■ Data extract ■
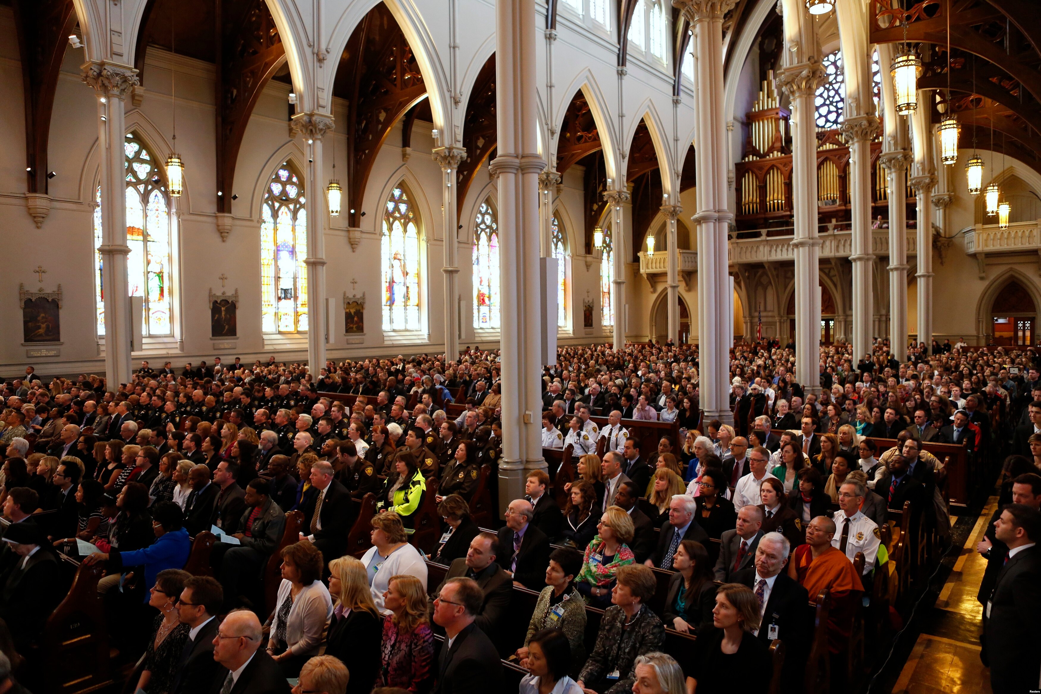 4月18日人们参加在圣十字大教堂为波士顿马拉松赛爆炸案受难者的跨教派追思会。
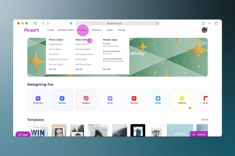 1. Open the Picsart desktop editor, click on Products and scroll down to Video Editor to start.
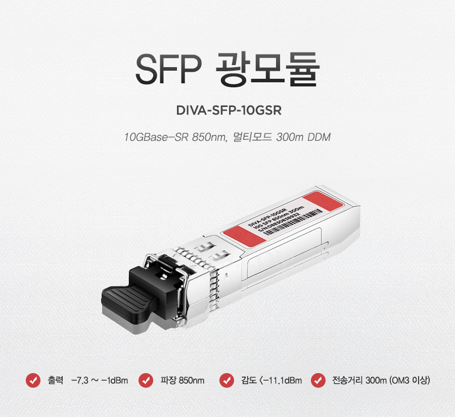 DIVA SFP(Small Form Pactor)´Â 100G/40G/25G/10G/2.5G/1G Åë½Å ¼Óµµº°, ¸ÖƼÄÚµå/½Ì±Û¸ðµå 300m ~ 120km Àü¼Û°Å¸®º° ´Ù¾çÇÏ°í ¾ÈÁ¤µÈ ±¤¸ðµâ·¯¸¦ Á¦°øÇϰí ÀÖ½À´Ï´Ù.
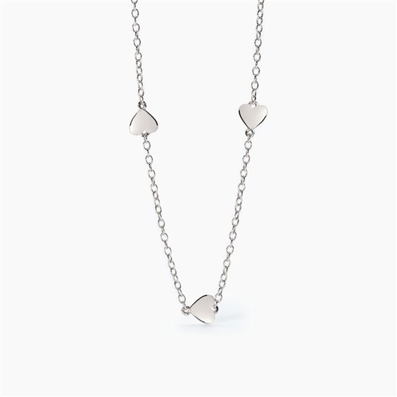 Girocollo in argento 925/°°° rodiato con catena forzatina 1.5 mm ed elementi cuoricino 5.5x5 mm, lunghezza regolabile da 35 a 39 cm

■ Exercise prompt ■
Your copy should hold only the lines from the line with "1. Open the" through the end of the data above, both ends included, transcribed exactly and without pictures.

■ Answer area ■
 1. Open the Picsart desktop editor, click on Products and scroll down to Video Editor to start.
 DIVA SFP(Small Form Pactor)´Â 100G/40G/25G/10G/2.5G/1G Åë½Å ¼Óµµº°, ¸ÖƼÄÚµå/½Ì±Û¸ðµå 300m ~ 120km Àü¼Û°Å¸®º° ´Ù¾çÇÏ°í ¾ÈÁ¤µÈ ±¤¸ðµâ·¯¸¦ Á¦°øÇϰí ÀÖ½À´Ï´Ù.
 Girocollo in argento 925/°°° rodiato con catena forzatina 1.5 mm ed elementi cuoricino 5.5x5 mm, lunghezza regolabile da 35 a 39 cm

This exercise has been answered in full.